Tuesday, February 14, 2017

Life Lesson In Progress - Vulnerability

After the Lord impressed upon me to learn from Him about how to be vulnerable, how he became vulnerable for us time and time again, I had a struggle to accept the challenge as starter. I could not believe for God, He would make Himself vulnerable as His is sovereign and almighty, any stripping of His heavenly rank and power was just a mere statement. What a twisted theology I was having ! To think that I thought God emptied Himself to become vulnerable and nothing for us, that is true but alongside, God surely is ever-ready to send His angels to protect His meekness and humble state ? Surely ? No ? No Plan B ?
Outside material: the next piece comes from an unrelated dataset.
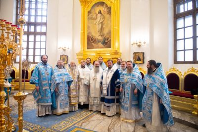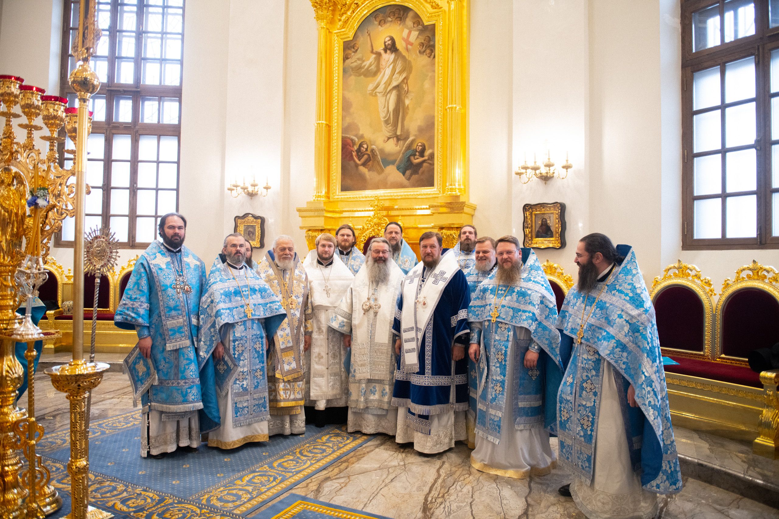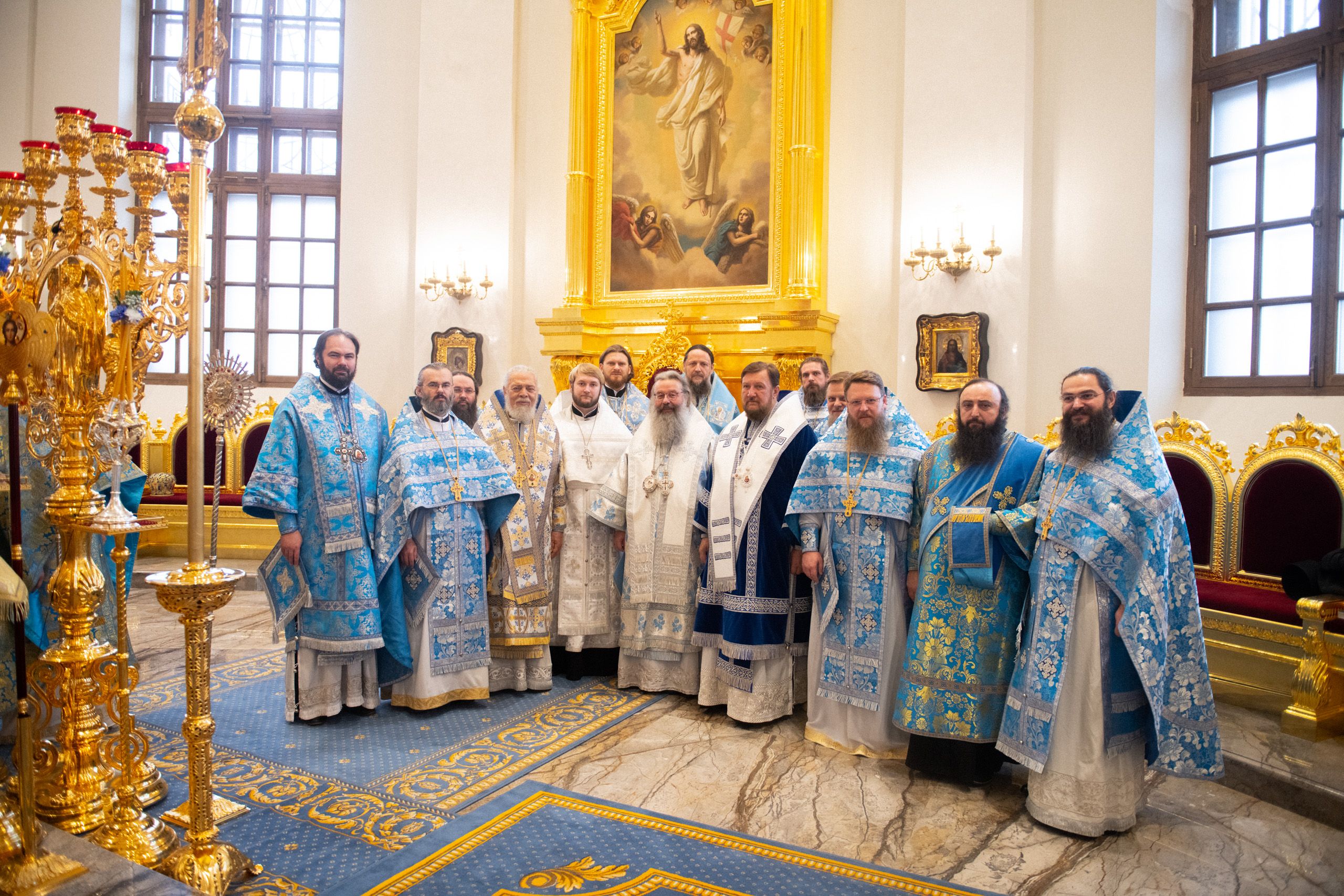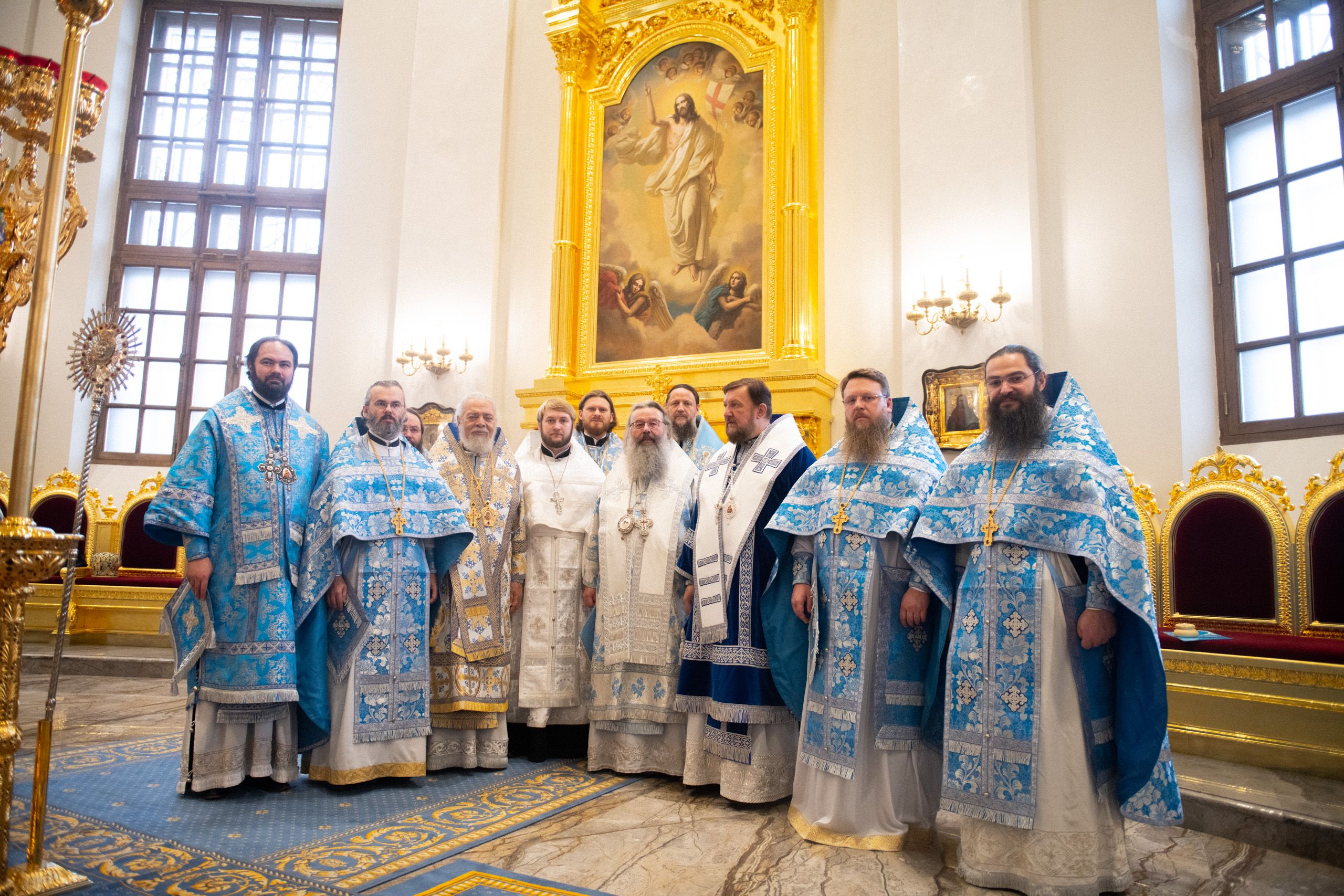 Архипастырям сослужили клирики Поместных Православных Церквей представитель Православной Церкви Чешских земель и Словакии при Патриархе Московском и всея Руси архимандрит Серафим (Шемятовский), представитель Православной Церкви в Америке при Патриархе Московском и всея Руси протоиерей Даниил Андреюк, клирик Грузинской Православной Церкви протоиерей Кахабер Гоготишвили; а также секретарь Татарстанской митрополии иеромонах Кирилл (Корытко), ректор Казанской духовной семинарии протоиерей Владимир Самойленко, наместник Казанско-Богородицкого мужского монастыря игумен Марк (Виленский), председатель Экспертного совета по церковному искусству, архитектуре и реставрации протоиерей Леонид Калинин, настоятели и наместники монастырей, благочинные церковных округов и настоятели храмов епархий Татарстанской митрополии.

Here are some the lessons I am learning about Vulnerability :-
  1. To be vulnerable enable God to work within us.
  2. To be vulnerable is to empty ourselves until void fills us up, there is no actual Plan A or B, just be peaceful before God and let Him lead the way.
  3. One way to be vulnerable is to remain silence and quietness and stop defending oneself and let God does the defending in His time. There is no need to go extra miles to win support (although you do moral support and spiritual coverage). Just  be yourself.
 Here are some Quotes that are helpful to me:
 “Be vulnerable!
It is not someone else’s responsibility
to break down your walls to get to you.
It is your responsibility to let them in.
This is crucial. Be more vulnerable
with people in your life today.
Know that being vulnerable is not a weakness
– vulnerability means you are strong
and secure enough within yourself
to walk outside without your armor on.”
― Alaric Hutchinson, Living Peace

"Love is patient and kind.
Love is not jealous
or boastful or proud or rude.
It does not demand its own way.
It is not irritable,
and it keeps no record of being wronged.
It does not rejoice about injustice
but rejoices whenever the truth wins out.
Love never gives up,
never loses faith,
is always hopeful,
and endures through
every circumstance."
Apostle Paul



Top 7 Bible Verses About Vulnerability
Here are seven Bible verses about vulnerability.
Second Corinthians 12:9-10 “But he said to me, “My grace is sufficient for you, for my power is made perfect in weakness.” Therefore I will boast all the more gladly of my weaknesses, so that the power of Christ may rest upon me. For the sake of Christ, then, I am content with weaknesses, insults, hardships, persecutions, and calamities. For when I am weak, then I am strong.”
Can anyone be more vulnerable than the Apostle Paul? When I came into the pastorate, I told the congregation all about my sordid past and left nothing out of consequence. It was something I learned from Paul and his openness and transparency like when he mentions persecuting the church but he also speaks of his own weaknesses or vulnerabilities in order point them to Christ and His sufficient-for-the-day grace. God’s grace is all that they’ll need and why he was “content with weaknesses.” In fact, Paul is the strongest at the exact time when he is the weakest. How is that possible? It’s possible because of “the power of Christ” that rests upon him.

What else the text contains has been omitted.